● What you are asked to do
Print each line below verbatim, skipping every picture.

(Stored items from a collection)

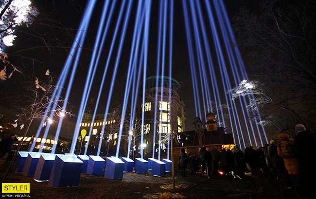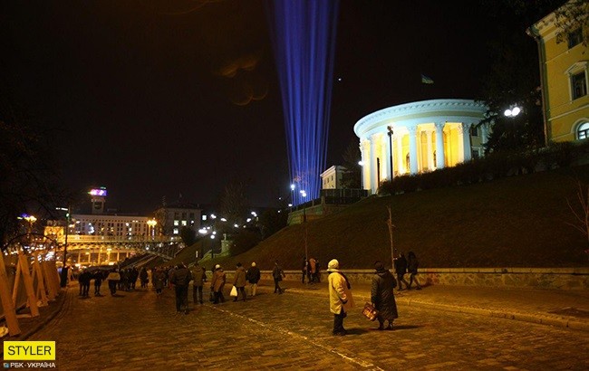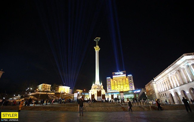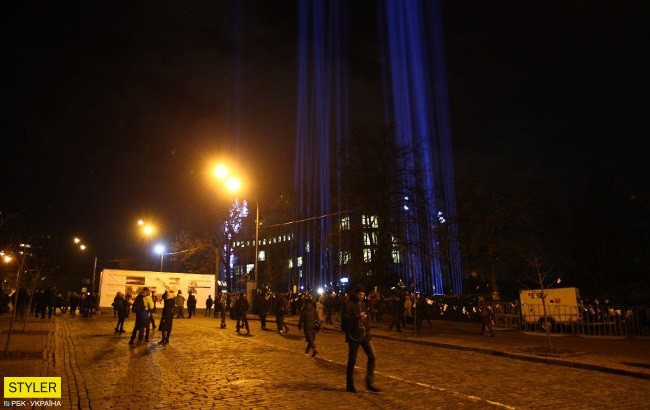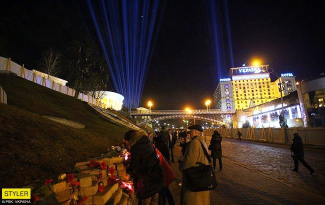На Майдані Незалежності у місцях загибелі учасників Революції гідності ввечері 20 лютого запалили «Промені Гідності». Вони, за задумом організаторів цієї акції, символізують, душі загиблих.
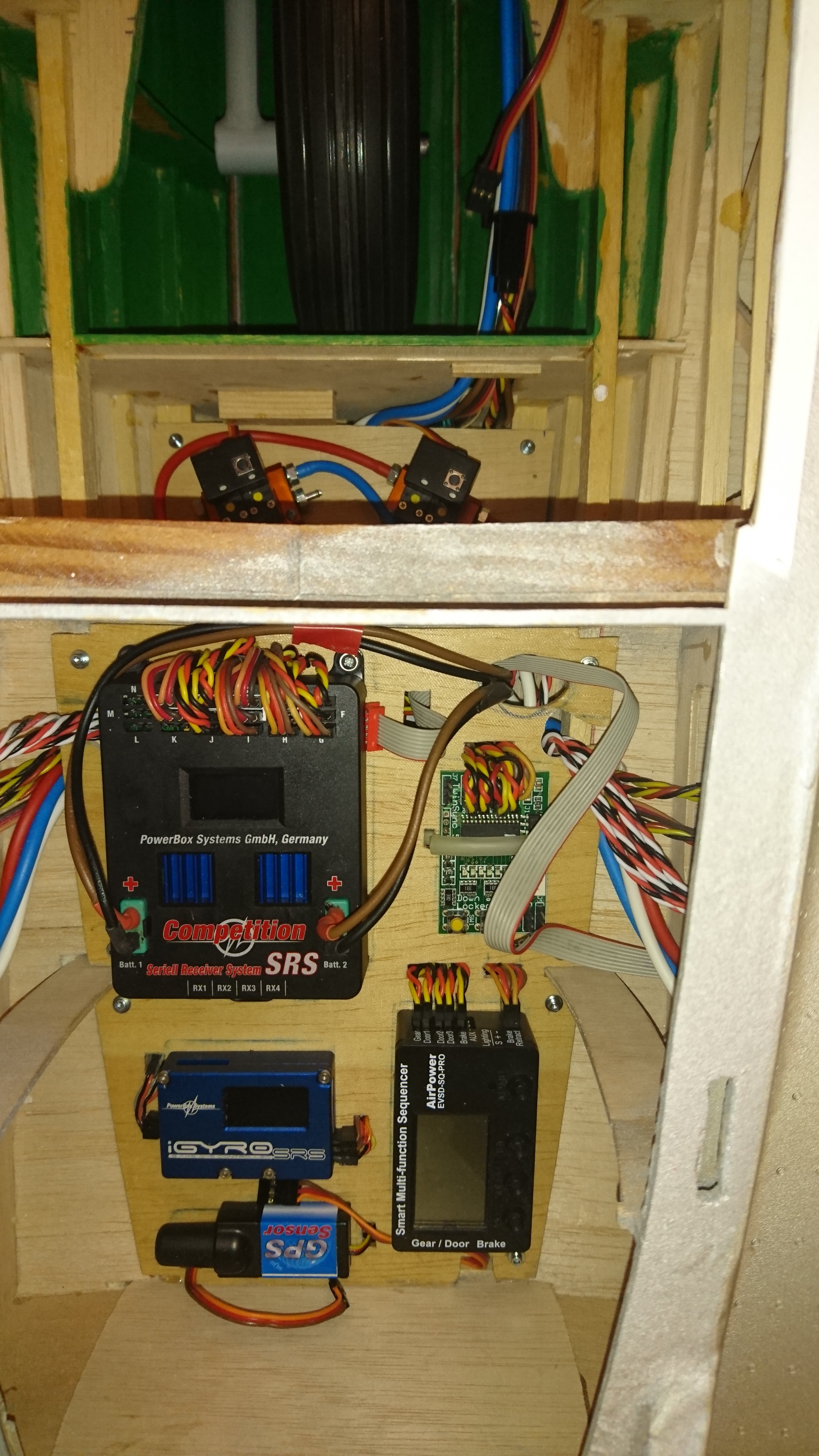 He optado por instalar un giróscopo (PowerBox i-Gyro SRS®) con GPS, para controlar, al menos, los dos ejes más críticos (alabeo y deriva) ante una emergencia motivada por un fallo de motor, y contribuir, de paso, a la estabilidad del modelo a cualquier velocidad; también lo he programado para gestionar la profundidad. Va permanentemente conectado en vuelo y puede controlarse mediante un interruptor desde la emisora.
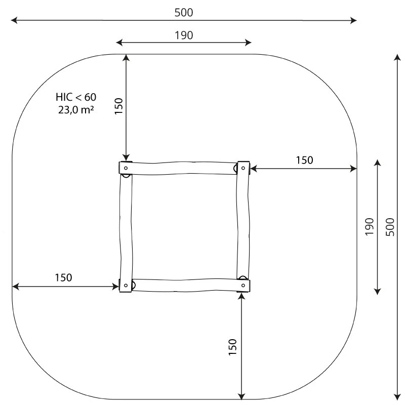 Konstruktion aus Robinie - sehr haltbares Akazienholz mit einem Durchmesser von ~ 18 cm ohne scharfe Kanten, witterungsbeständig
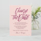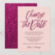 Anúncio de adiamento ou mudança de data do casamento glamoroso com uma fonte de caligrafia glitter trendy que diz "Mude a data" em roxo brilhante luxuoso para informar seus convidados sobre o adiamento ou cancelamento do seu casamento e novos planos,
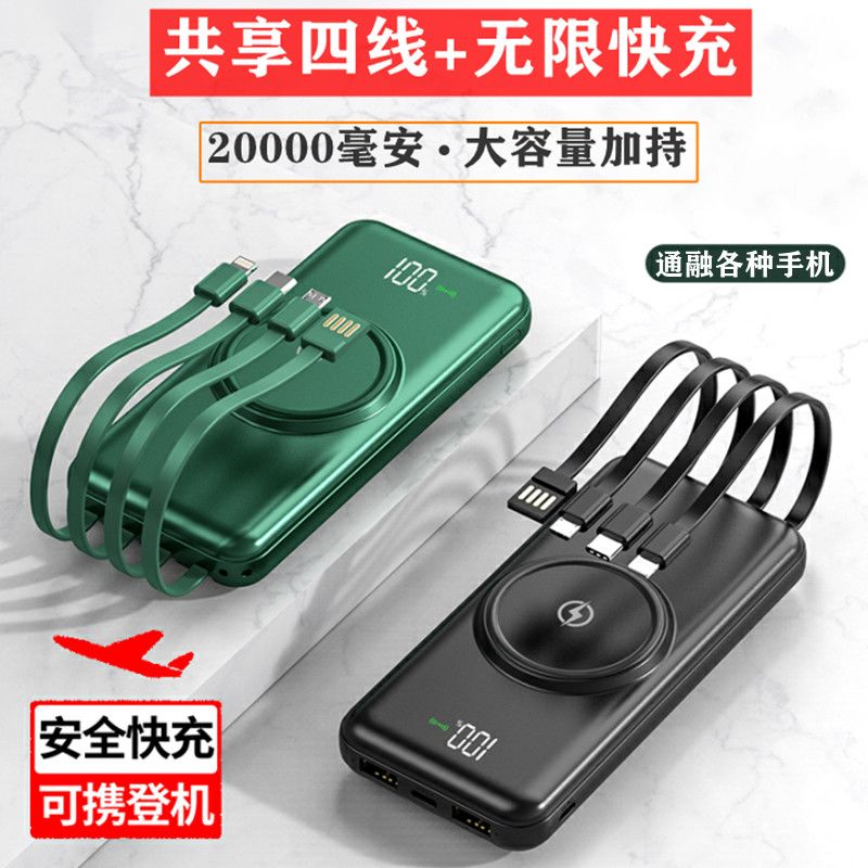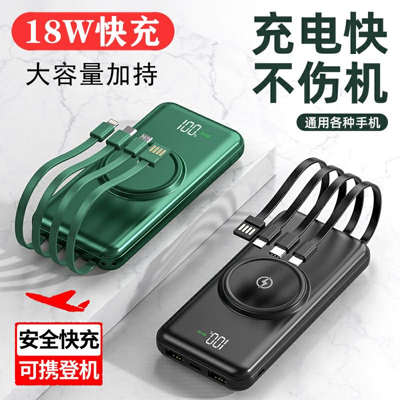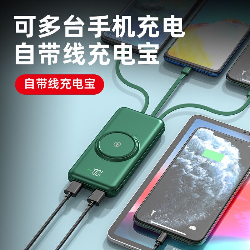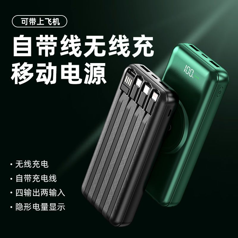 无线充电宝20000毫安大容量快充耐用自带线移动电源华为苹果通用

● Output for this exercise
На Майдані Незалежності у місцях загибелі учасників Революції гідності ввечері 20 лютого запалили «Промені Гідності». Вони, за задумом організаторів цієї акції, символізують, душі загиблих.
 He optado por instalar un giróscopo (PowerBox i-Gyro SRS®) con GPS, para controlar, al menos, los dos ejes más críticos (alabeo y deriva) ante una emergencia motivada por un fallo de motor, y contribuir, de paso, a la estabilidad del modelo a cualquier velocidad; también lo he programado para gestionar la profundidad. Va permanentemente conectado en vuelo y puede controlarse mediante un interruptor desde la emisora.
 Konstruktion aus Robinie - sehr haltbares Akazienholz mit einem Durchmesser von ~ 18 cm ohne scharfe Kanten, witterungsbeständig
 Anúncio de adiamento ou mudança de data do casamento glamoroso com uma fonte de caligrafia glitter trendy que diz "Mude a data" em roxo brilhante luxuoso para informar seus convidados sobre o adiamento ou cancelamento do seu casamento e novos planos,
 无线充电宝20000毫安大容量快充耐用自带线移动电源华为苹果通用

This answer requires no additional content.